Awesome .Thank you professor.

It can be proven a bit quicker and simpler.
First consider each step a combination of two transformations. One flips every glass, the other flips one glass.
If there is an even number of glasses n, each step is an odd number of flips.
Having all flipped (an even total number of flips) you need an even number of steps.
If n is even the transformations of flipping all glasses cancel out, simplifying the problem to a transformation of a single flip
So you need to flip n glasses, one at a time. Not flipping the same glass twice results in the minimum of n steps.
For n is odd you have a problem.
Using an even number of steps you have the same cancelling but can only flip an even number of glasses.
Using an odd number of steps you have one flip all part that doesn't cancel out. In addition you have an odd number of flips and flips back so you can't make them cancel out.

Step one can easily be checked, as the solution said:
Without loss of generality, move one and two has to flip 1, 2, 3 and 2, 3, 4, respectively, to not end up in the starting position. After reaching this position, it is obviously not possible to have all glasses flipped after the third move.
(This would be good enough for Olympiad standards, no need to tediously explain every possible move at every step)

With 4 glasses, there are potentially 16 different configurations of right side up and upside down. Not only can you achieve all inverted, you can in fact achieve ANY desired configuration of up and down glasses -- all 16 configurations are reachable by flipping glasses 3 at a time.
Assume the glasses are numbered 1 to 4, and assume U represents a right-side-up glass, and A represents an upside down glass.
Step 1, UUUU, flip 1, 3, and 4, --> AUAA
Step 2, AUAA, flip 1, 2, and 4, --> UAAU
Step 3, UAAU, flip 1, 2, and 3, --> AUUU
Step 4, AUUU, flip 2, 3, and 4, --> AAAA
All glasses inverted.

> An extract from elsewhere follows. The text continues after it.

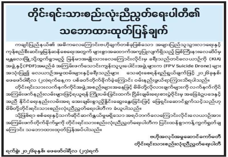 ၂၀၂၆ ခုနှစ်၊ မတ်လ (၂၇) ရက်နေ့တွင် ကျရောက်မည့် (၈၁) နှစ်မြောက် တပ်မတော်နေ့ အထိမ်းအမှတ် တိုင်းစစ်ဌာနချုပ်အဆင့် စစ်သည်တော်ကျင့်ဝတ်ပြိုင်ပွဲကို ယနေ့နံနက်ပိုင်းတွင် မြောက်ပိုင်းတိုင်းစစ်ဌာနချုပ်ရှိ ဗလမင်းထင်ခန်းမ၌ပြုလုပ်ရာ တိုင်းမှူး ဗိုလ်ချုပ် အောင်ဇော်ထွေးနှင့် တာဝန်ရှိသူများက စာမေးပွဲဖြေဆိုနေသည့် အရာရှိ၊ စစ်သည်များအား သွားရောက်ကြည့်ရှု အားပေးကြသည်။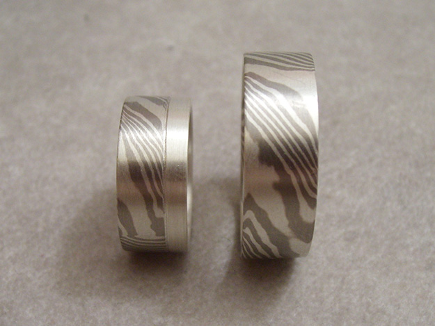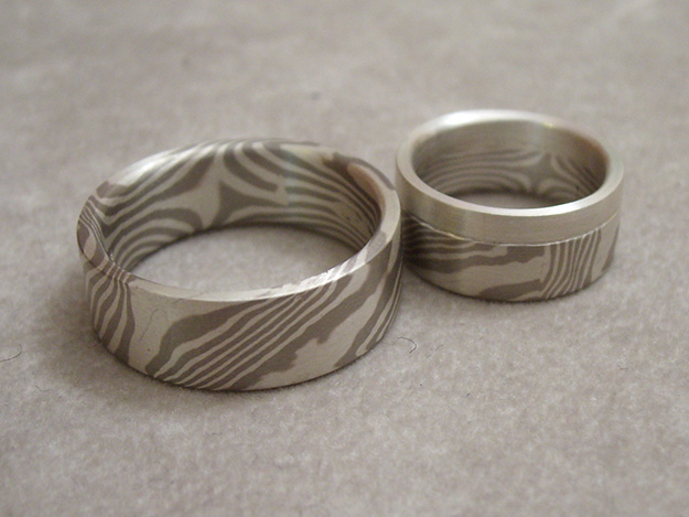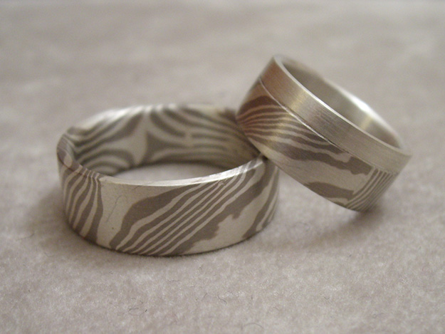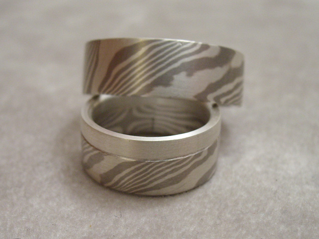 Trauringe in Mokume Gane Technik, 935/000 Silber und 500/000 Palladium. Damenring mit angesetztem Ring in 025/000n Silber.

This works because each individual glass has now been flipped 3 times, which leaves the glass in the opposite configuration that it was in at the beginning.

I was not as interested in the general case where for n glasses, move n-1 glasses. But I was interested in the AI answers. What mistake of logic did the AI make that it couldn't figure this out? Presh proved it in a brute force way: he considered all possible moves and discarded the ones that did not take him closer to the goal. What elegance caused the AI to "hallucinate."

The way i thought of it is rather simple.
Inverting all but one glass is the same as only inverting one glass. The minimum number of moves to get all glasses facing down while only inverting one at a time is exactly N.
Therefore, the answer is always N.
For the n being even case:
Given that there are exactly N flips, each glass is flipped n-1 times.
The only way to go from up to down is flipping an odd number of times, so if N is even, then n-1 is odd and it works! If N is odd, then n-1 is even, making it impossible, since N is _guarranteed_ to be the minimum if it exists.

Interesting thing about odds, if the amt of glasses that need to be moved is oddN -2.. is the solution always 3 moves?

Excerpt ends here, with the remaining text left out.